Chain-of-thought prompting

Chain-of-thought (CoT) is the single highest-leverage prompting technique for non-reasoning models. It instructs the model to break complex tasks into intermediate reasoning steps before producing a final answer.

The magic phrase

Appending Think step by step. to a prompt consistently improves accuracy on arithmetic, logic, and multi-hop reasoning benchmarks by 10–40% across GPT-3.5, Claude 2, and Gemini 1.0.

When to use it

▸Multi-step math, symbolic reasoning, or constraint satisfaction
▸Code generation requiring algorithmic decomposition
▸Planning tasks with sequential dependencies
▸Any prompt where the model tends to jump to conclusions

Reasoning models

Models with native reasoning — gpt-5*, o4-mini, o1, o3 — perform chain-of-thought internally. They do not need explicit CoT instructions. Adding them can actually degrade performance by interfering with the model's optimized internal reasoning budget. For these models, provide the problem clearly and let the architecture handle decomposition.

Example

A bakery sells cookies in boxes of 6 and boxes of 10.
A customer wants exactly 98 cookies.
How many of each box should they buy?
Think step by step.

Without CoT, non-reasoning models often guess. With it, they enumerate multiples, check divisibility, and arrive at the correct solution systematically.

Variants

Zero-shot CoT

Just add "Think step by step" — no examples needed.

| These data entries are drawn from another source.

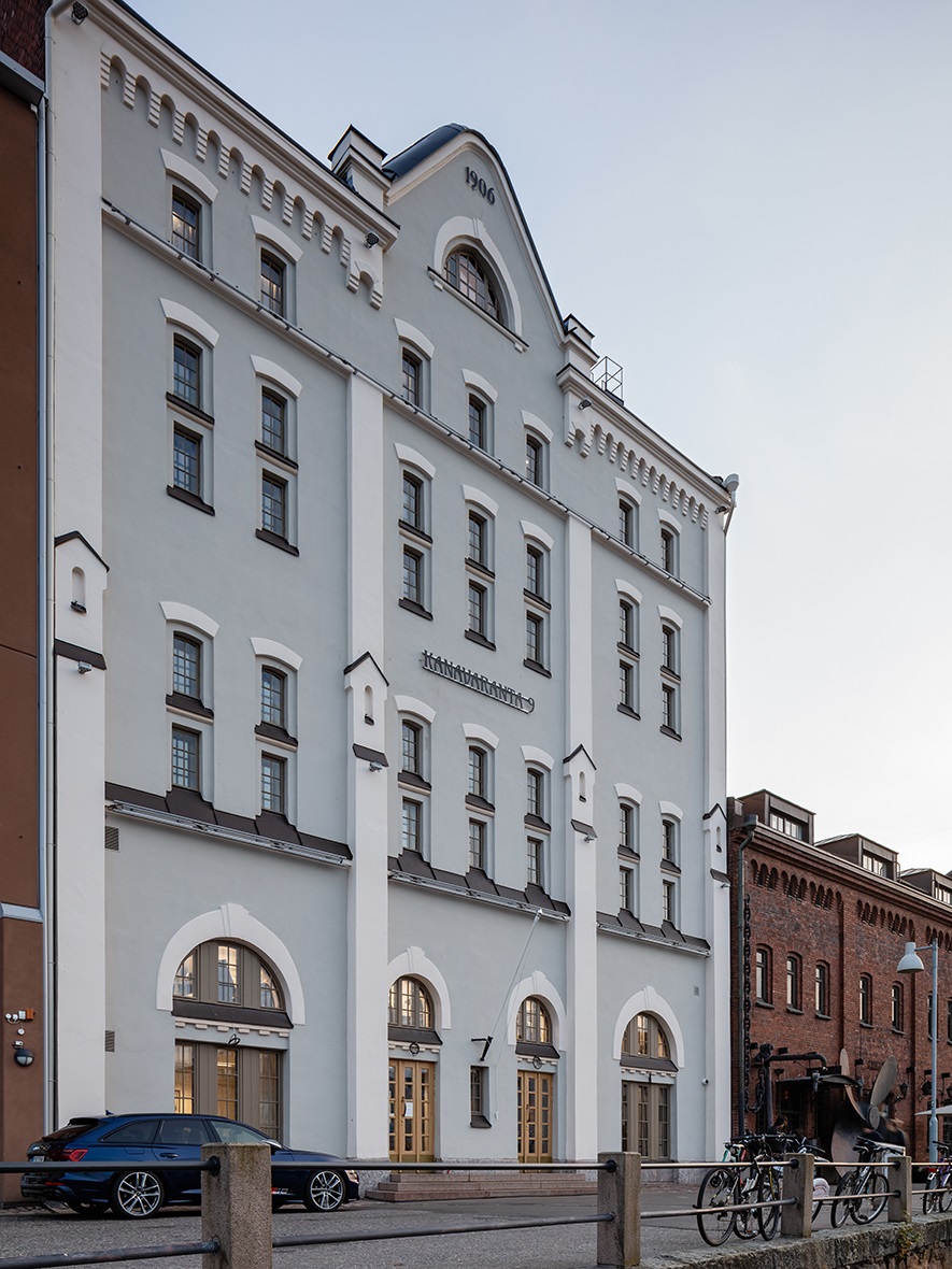 The exterior of this stunning office building overlooking the Katajanokka guest harbour represents the beautiful late Art Nouveau style.
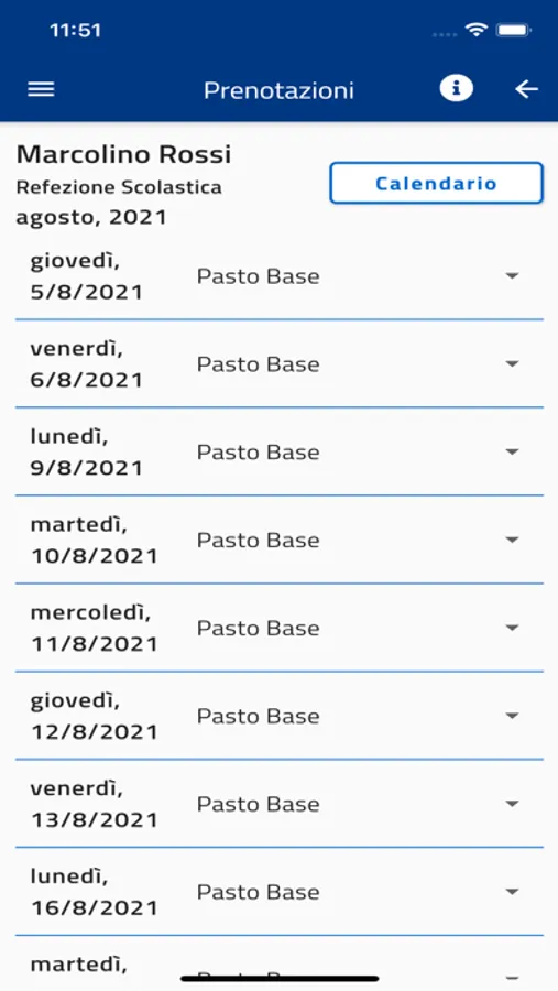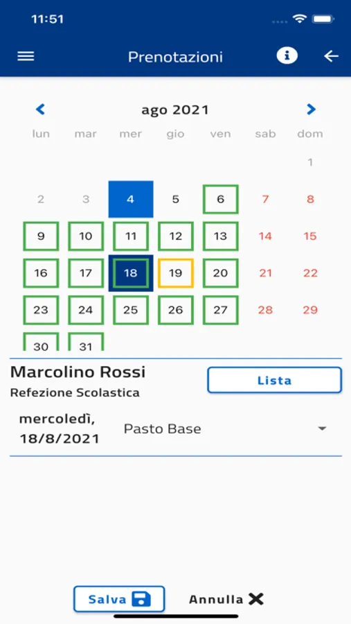 - prenotazione pasti (ove attivato presso il Comune di appartenenza, permette al genitore di gestire le presenze a mensa dei figli, secondo il calendario dei turni di refezione)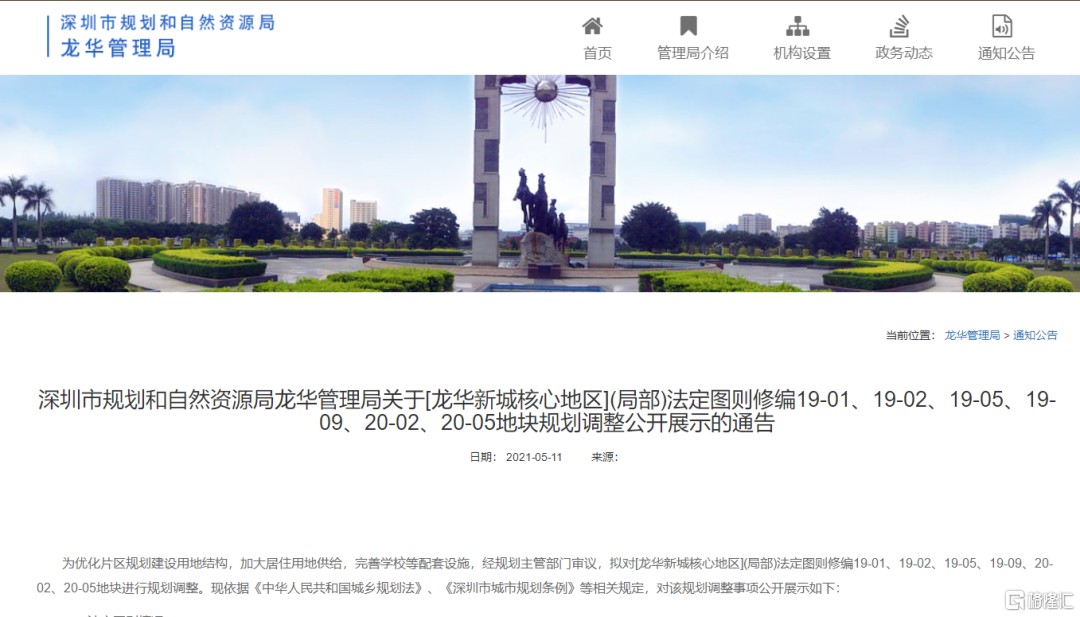 5 月 11 日,深圳市规划和自然资源局龙华管理局公示了,[龙华新城核心地区] 法定图则修编 19-01、19-02、19-05、19-09、20-02、20-05 等 19 个地块及周边道路规划调整。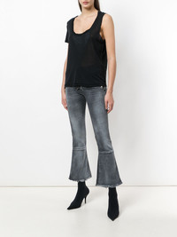 asymmetric sleeve twisted scoop neck tank Black silk asymmetric sleeve twisted scoop neck tank with placement print detail from Unravel. Made in Italy Composition Silk 100% SIZE & FIT Model measurements Height 5 ft 10 in(1.79 m) Bust/Chest 33.07 in(84 cm) Hips 35.82 in(91 cm) Waist 24.8 in(63 cm) Washing instructions Dry Clean Only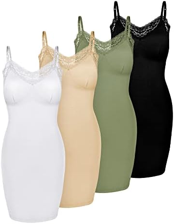 What You Get: the package contains 4 pieces of cami dress, including 4 different colors of black, white, olive green and skin color, the quantity and color are enough to meet your daily use and replacement needs, you can also share them with your friends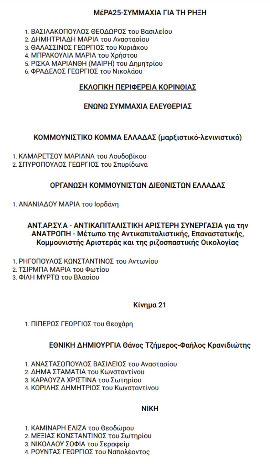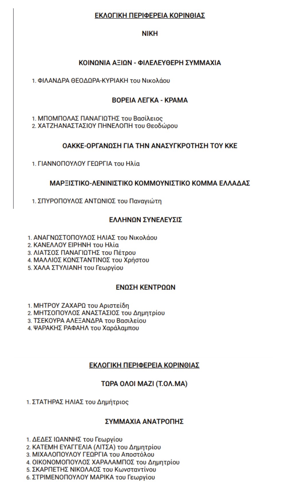 Οι 81 υποψήφιοι των 27 κομμάτων στην Κορινθία – Όλα τα ονόματα εδώ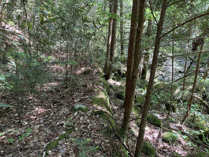 この丸太を運ぶための木材搬出路は、木馬道(きんまみち)と呼ばれていました。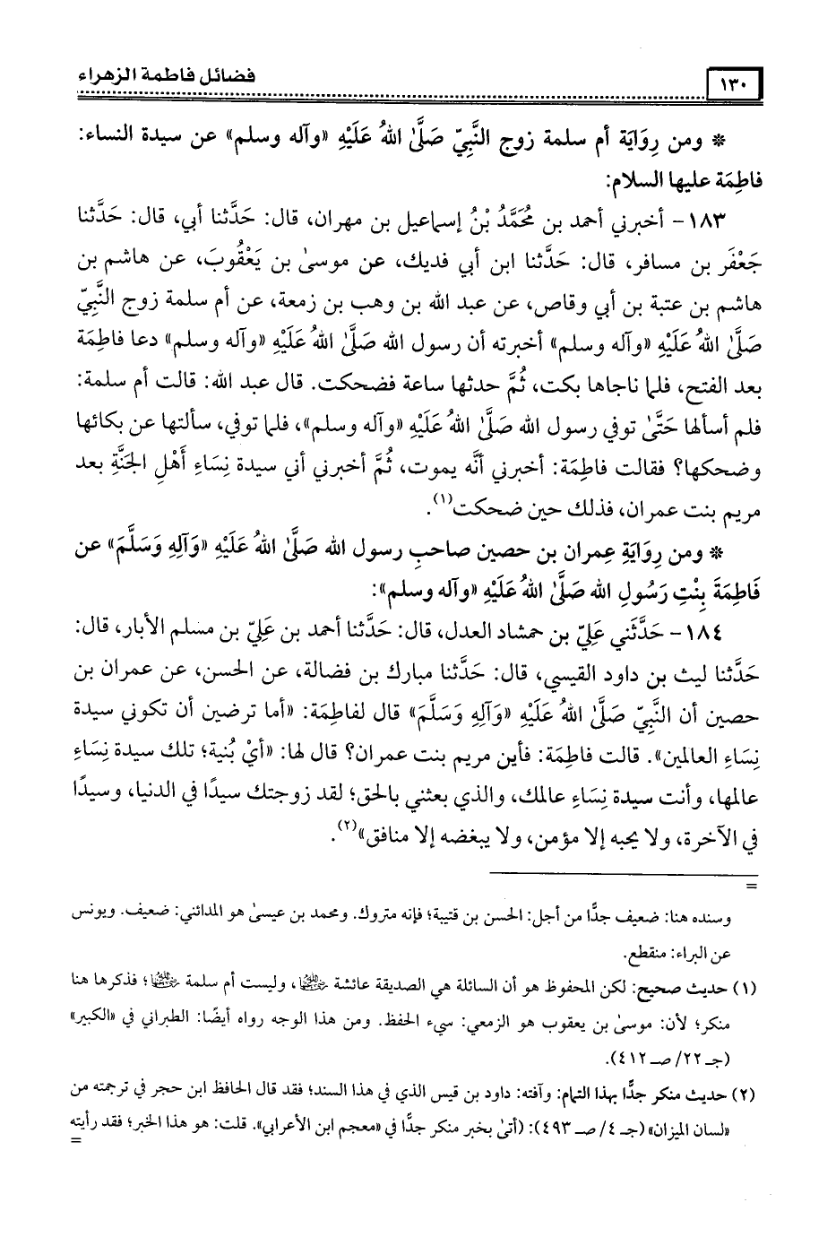 184- حدثني علي بن حمشاد (1) العدل ، قال : حَدَّثَنَا أحمد بن علي بن مسلم الأبار ، قال : حَدَّثَنَا ليث بن داود القيسي ، قال : حَدَّثَنَا مبارك بن فضالة عن الحسن عن عمران بن حصين أن النبي صَلَّى الله عَلَيْهِ وَآلِهِ وَسَلَّمَ قال لفَاطِمَة أما ترضين أن تكوني سيدة نساء العالمين قالت فَاطِمَة فأين مريم بنت عمران ؟ قال لها أي بنية تلك سيدة نساء عالمها وأنت سيدة نساء عالمك والذي بعثني بالحق لقد زوجتك سيدًا في الدنيا ، وسيدًا في الآخرة ولا يحبه إلا مؤمن ولا يبغضه إلا منافق .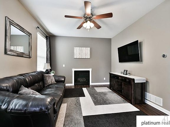 - Living Room Desc: Fireplace, Ceiling Fans, Window Covering, Vinyl Floor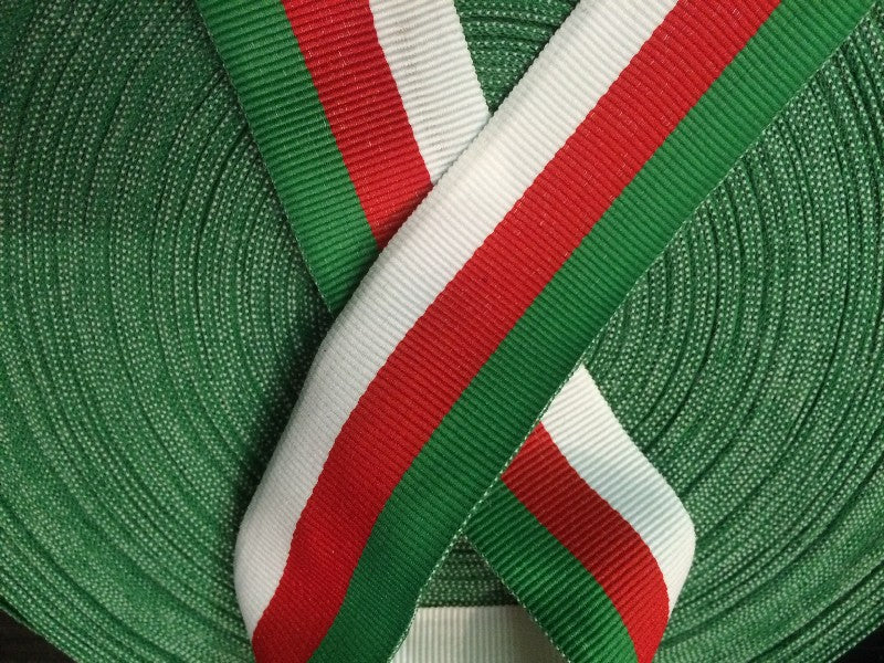 Ruban Au Mètre En Gros Grain Blanc Rouge Vert En 35 mm.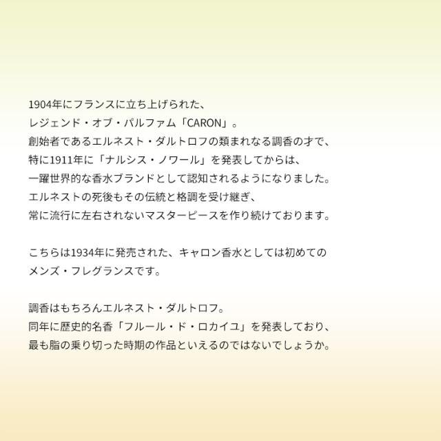 こちらは1934年に発売された、キャロン香水としては初めてのメンズ・フレグランスです。シプレー・ウッディー・ノートの、厳格なジェントル・スタイルを貫く香調をベースにしており、品のある大人の男性による、品のある大人の男性のためのアイテムに仕上がっております。ベルガモット、レモン、ラベンダー、ローズマリーなどがクラシカルな趣きのハイ・ソサイエティーを醸し出すトップから、クラリセージ、ローズ、ローズウッド、シダーウッドなどがエレガントな甘さを引き立てて極上のダンディズム光らせるミドルへ。ラストはバニラ、ムスク、トンカビーンズ、モスなどがコクのあるマイルドな男のロマンティック・スウィートを立ち表させ、時代を超えて愛される詩情豊かなマスキュリニティーを浮かび上がらせてくれそうです。現在プロダクトはアレス・グループ。フォーマルなスーツ以外には似合わないような香りで、シプレーではあるもののラストの甘さがしなやかな柔らか味を与えております。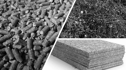 ▲以棉花秸秆原料生产的生物质颗粒和刨花板。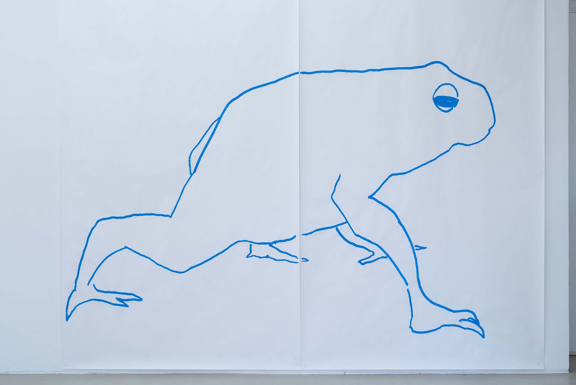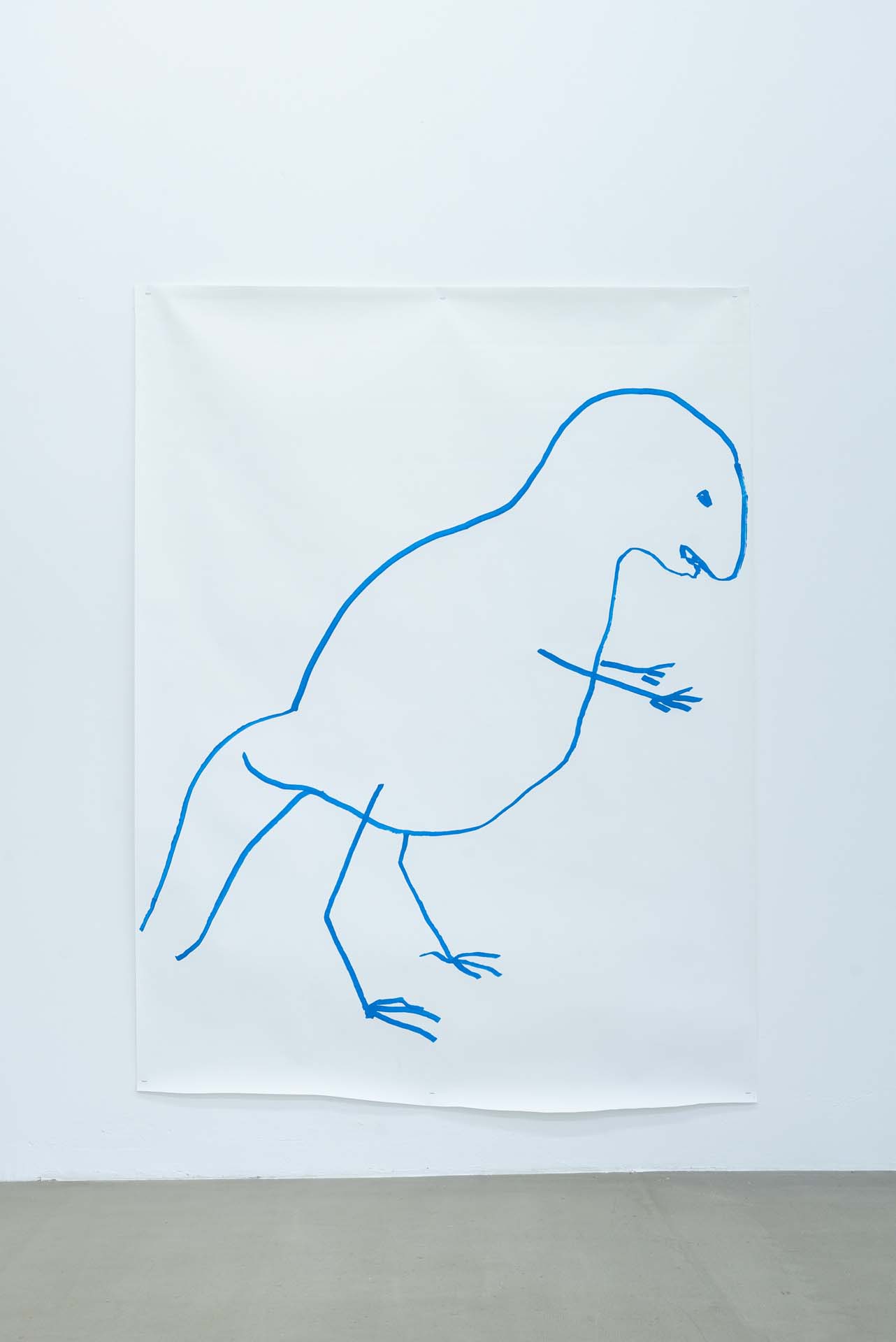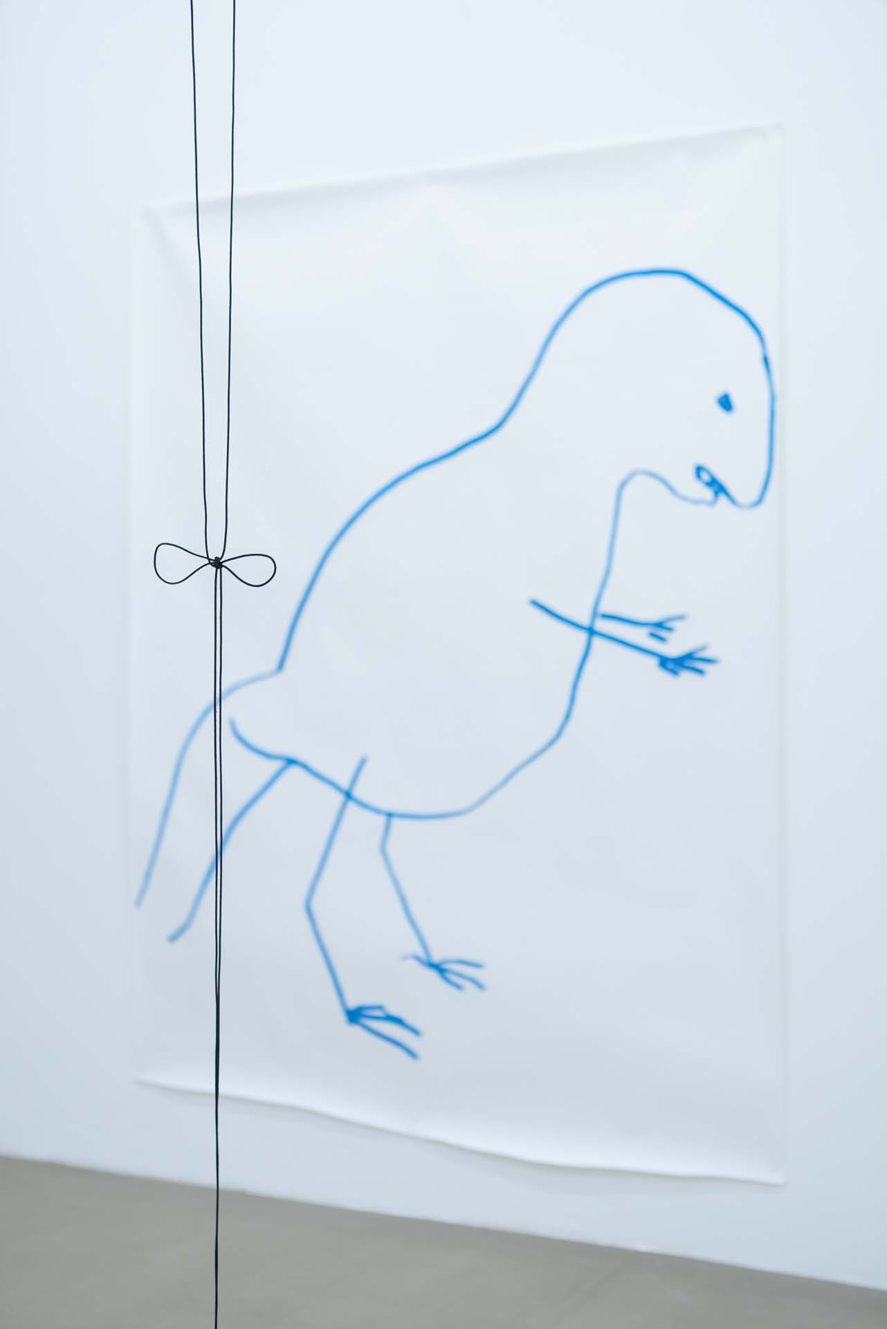 As much as we are Kate, however, we are also Fred. Fred Sandback was looming at the margins of this text all along. Much the same way it now looms within this exhibition, as a specter, as an absence-felt. Much the same way how his sculptures, lines traversing empty spaces, allow our vision, our imagination to draw out objects that are not, in fact, present. They are absent, and this is why we can see them, see them so vividly that we can no longer un-see them. Andrea Fraser was right to cry at the sight of them, as it truly is a tragic sight, one that speaks about another failure to restore a ruined world through the wholeness of form. We, a community based on change, a community based on a loss of communion, we are tied to the tail of the snaky. We will not let go of the illusion of a possible communion as we need something to dream about. And so, to transform into an ox is not yet suicide, as a suicide would mean that dreams would cease. They would cease in the forms that we would still be able to recognize, they would cease in terms of the objects we dream about. The ox would not dream of its former life as a man.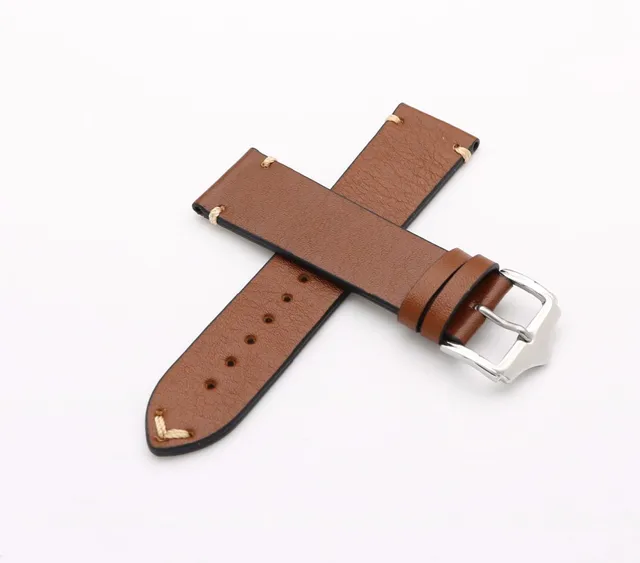 | [해외] CARLYWET 20 22 미리메터 남자 여성 수제 C 가죽 브라운 블랙 레드 블루 빈티지 손목 시계 밴드 스트랩 벨트 실버 광택 버클 |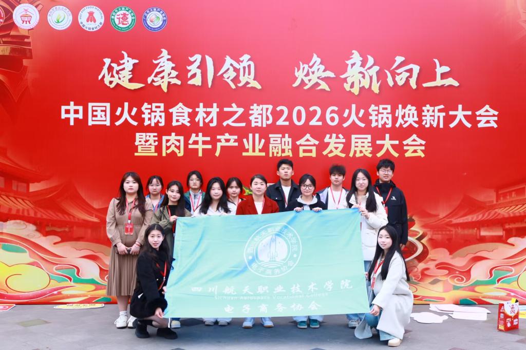 四川航天职业技术学院人文与管理学院杨艺老师带领电子商务专业学生走访了火锅焕新、肉牛产业建圈强链相关企业,观摩企业生产,了解“中国火锅食材之都”区域优势、营商环境及发展规划,对企业用人需求等进行了调研。随后师生们为大会提供了精彩高效的直播服务,为推动肉牛产业与火锅食材产业深度融合、促进火锅行业高质量发展贡献了航院“新”力量。
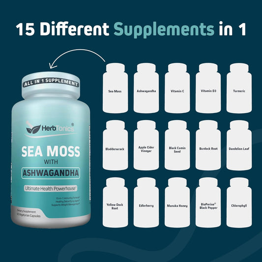 All-in-One Herbtonics Sea Moss Complex Capsules | Immunity Boost, Stress Reduction, Digestive Support | 60 Capsules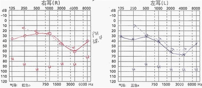 一個7歲的男孩子,左右耳聽力為:

Works surprisingly well across model families.

Few-shot CoT

Provide 2–3 worked examples showing intermediate reasoning. Higher accuracy ceiling but more prompt tokens.

Self-consistency

Run CoT multiple times with temperature > 0, then majority-vote the answers. Best for high-stakes accuracy.

Tree-of-thought

Branch and evaluate multiple reasoning paths. Powerful but token-intensive; use for hard planning problems.

Pro tip: Combine CoT with structured output formats. Ask the model to wrap its reasoning in <thinking> tags and its final answer in <answer> tags for easy post-processing and parsing.